Esclerose múltipla muito ativa, grave ou maligna

Deterioração em esclerose múltipla

A esclerose múltipla muito ativa, que já recebeu o nome de forma de Marburg, maligna ou rapidamente progressiva, é diferente das doenças mais usualmente reconhecidas pelos médicos, como a de recidivas e remissões, progressiva primária e progressiva secundária. Na forma mais comum de esclerose múltipla ocorre uma fase progressiva entre 10-20 anos após a fase inicial das crises, chamadas de remissões e recidivas. Na fase progressiva, as pessoas perdem mobilidade, controle de esfíncteres e função cognitiva.

Definições de esclerose múltipla muito ativa variaram no passado, mas tem em comum o início precoce e inesperado de incapacidade física, com recidivas frequentes e doença muito ativa na ressonância magnética. Chamar de maligna pode ser inapropriado, pois passa a ideia de que seja intratável, o que não é verdade. Portanto chamar de agressiva é mais apropriado. O nome maligna pode ser utilizado em raros casos que tem um curso fulminante em meses ou poucos anos, como a forma de Marburg, com lesões que parecem tumores e necróticas.

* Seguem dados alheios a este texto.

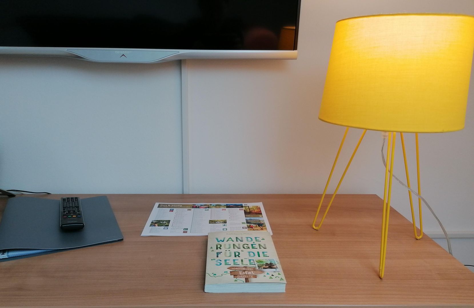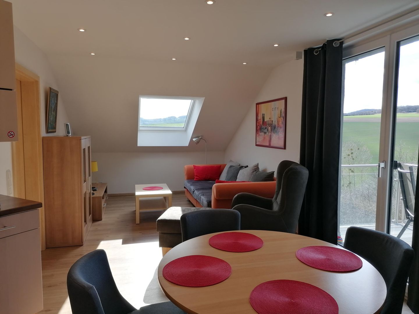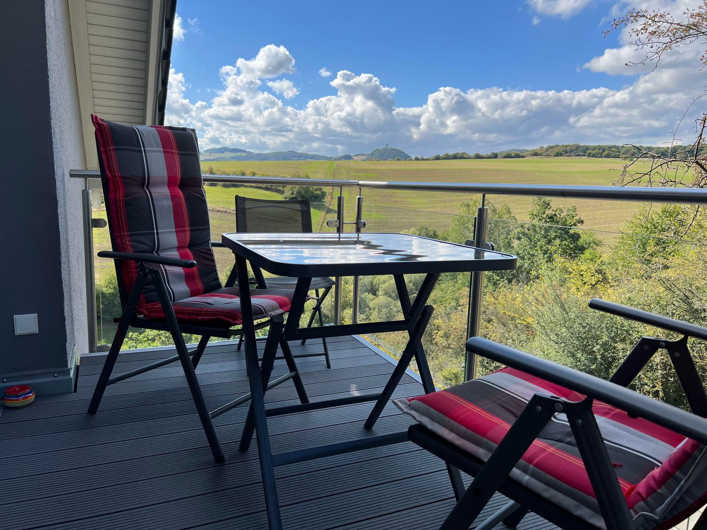 Aus dem Wohnzimmer und von dem Balkon haben Sie einen wunderschönen Ausblick auf die Burg Olbrück und in die Natur.
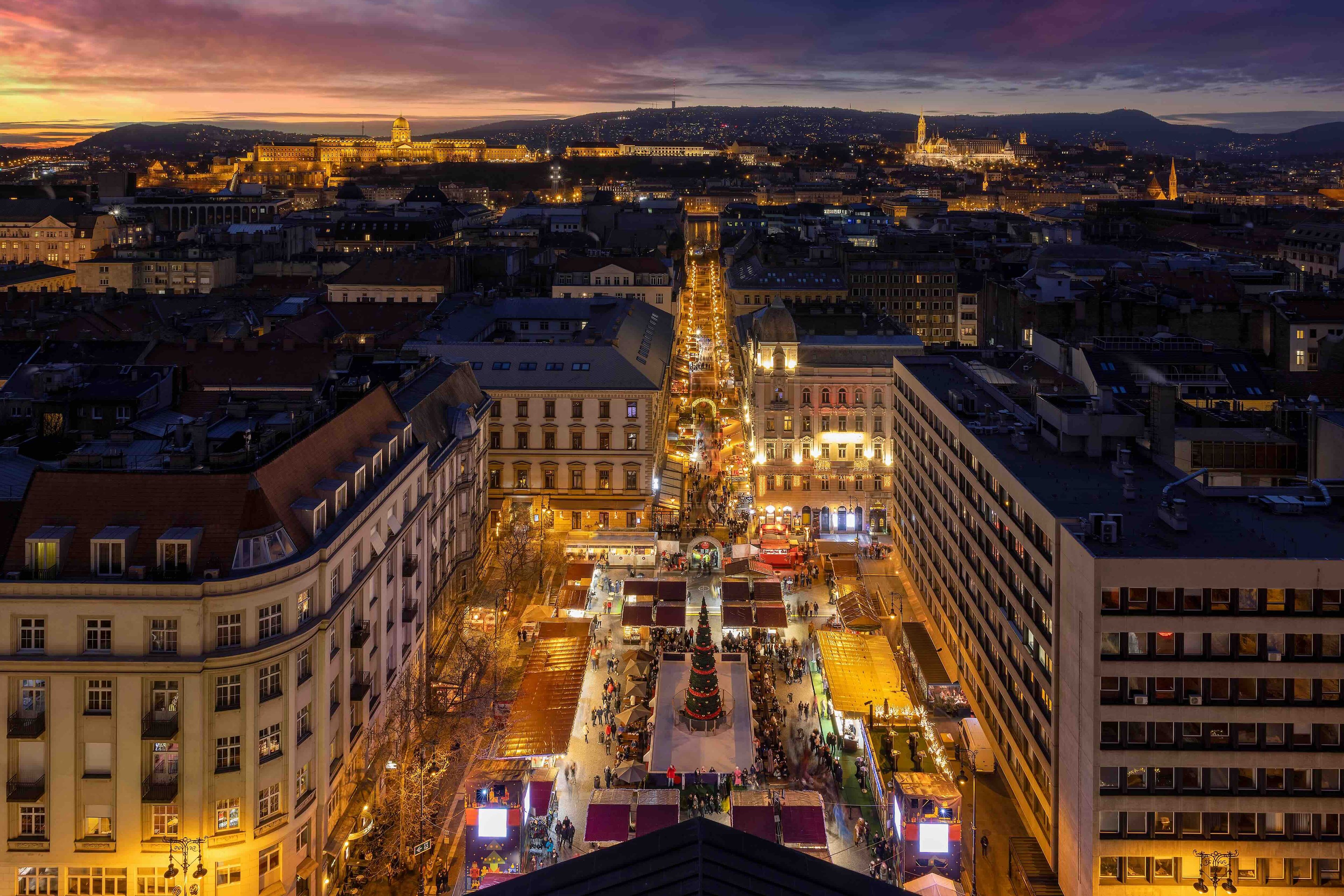 Готовиться к Рождеству в Будапеште начинают с конца октября, но основной движ, конечно, в декабре. По всему городу открываются большие ярмарки. Главная — на площади Вёрёшмарти (Vörösmarty tér), на туристической Fashion Street. Улицу украшают ёлками и гирляндами, а на самой ярмарке повара и продавцы предлагают еду и вещи ручной работы. Именно здесь можно съесть знаменитые на всю Европу лангош и гуляш.
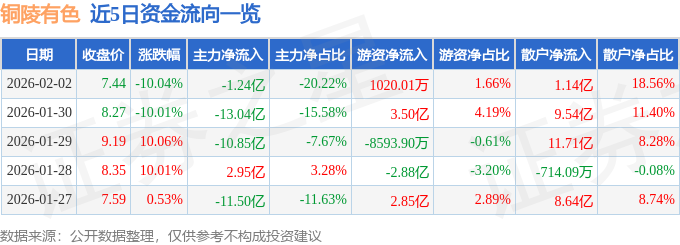 证券之星消息,截至2026年2月2日收盘,铜陵有色(000630)报收于7.44元,下跌10.04%,已连续跌停2天,换手率0.74%,成交量82.36万手,成交额6.13亿元。
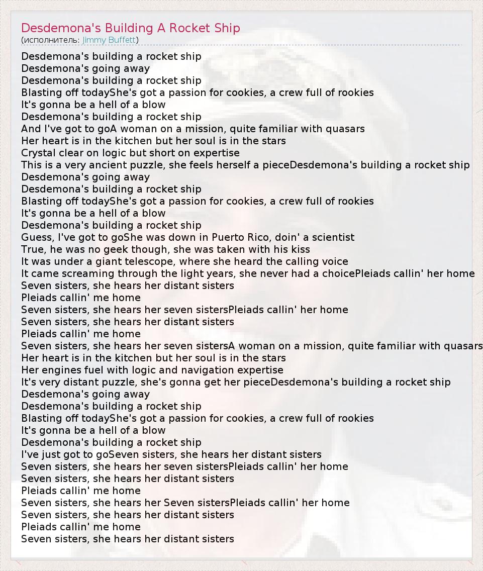 А как ты думаешь, о чем песня "Desdemona's Building A Rocket Ship" ?
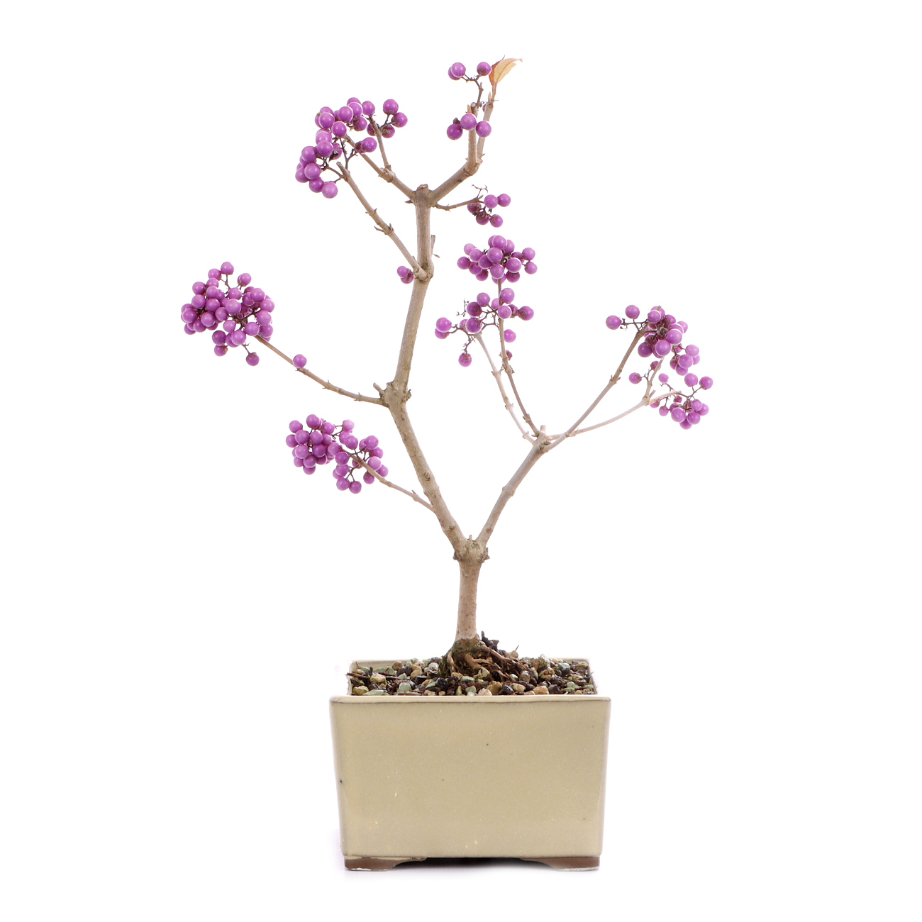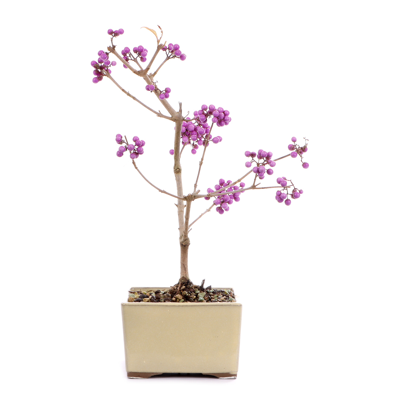Das Einzigartige an dieser Pflanze sind die violetten Früchte, die an einem Bonsai natürlich besonders zur Geltung kommen. Steht in der Gartenbepflanzung eine weitere Schönfrucht, ist die Fruchtbildung übrigens stärker. Ansonsten hat die Pflanze auch eine sehr schöne, gelborange Herbstfärbung und auch die Blüte ist auffällig und gerne von Insekten besucht. Auch als Bonsai wächst die Schönfrucht etwas sparrig und erfordert einen entsprechenden Rückschnitt und evtl. das Drahten von einzelnen Ästen. Man kann aber auch einzelne Individuen als Gruppe zusammenpflanzen und erhält dadurch eine sehr gefällige Gestalt mit guter Verzweigung. Umgetopft wird im Frühjahr vor dem Austrieb der Blätter. Die Wurzeln der Schönfrucht sollten vor zu viel Frost geschützt werden!

Esclerose múltipla muito ativa desde o início ocorre em 4–15% dos pacientes. A inflamação é mais intensa, com placas agudas com macrófagos e padrões distintos de desmielinização e transecção neuronal, com injúria tecidual que mais parece hipóxia e isquemia. A desmielinização inclui degeneração e apoptose de oligodendrócitos, como nos estágios iniciais de lesões isquêmicas, com desestruturação glial, diferente do padrão homogêneo de destruição visto nas formas progressivas da doença.

Esclerose múltipla muito ativa é definida como o fenótipo de crises e remissões adicionado de uma deterioração na escala EDSS de 4 pontos nos primeiros 5 anos da doença; muitas recidivas, mais que 2, no corrente ano, com recuperação incompleta; mais de 2 lesões novas ou aumento do volume de lesões já existentes em T2 na ressonância, ou lesões que mantém realce com gadolíneo apesar do tratamento; falta de resposta a um ou mais tratamentos usuais do tipo do interferon; todos levando a progressão precoce.

Outra maneira de prever quais casos vão evoluir mal é a previsão de conversão para esclerose múltipla progressiva primária: pouco tempo para cumular 3 pontos de perda na EDSS; alta frequência de recidivas na fase precoce; pequeno intervalo entre recidivas. Identificando fatores de risco no fenótipo de remissões e recidivas, como no caso de neurite óptica com alta carga de lesões na ressonância, é possível prever maior incapacidade 20 anos depois.  Em todos estes casos, já se sabe que os tratamentos usuais como interferon não funcionam. Tratamentos convencionais precisam ser reconsiderados nestes casos, para não perder uma janela de oportunidade de evitar maior incapacidade irreversível.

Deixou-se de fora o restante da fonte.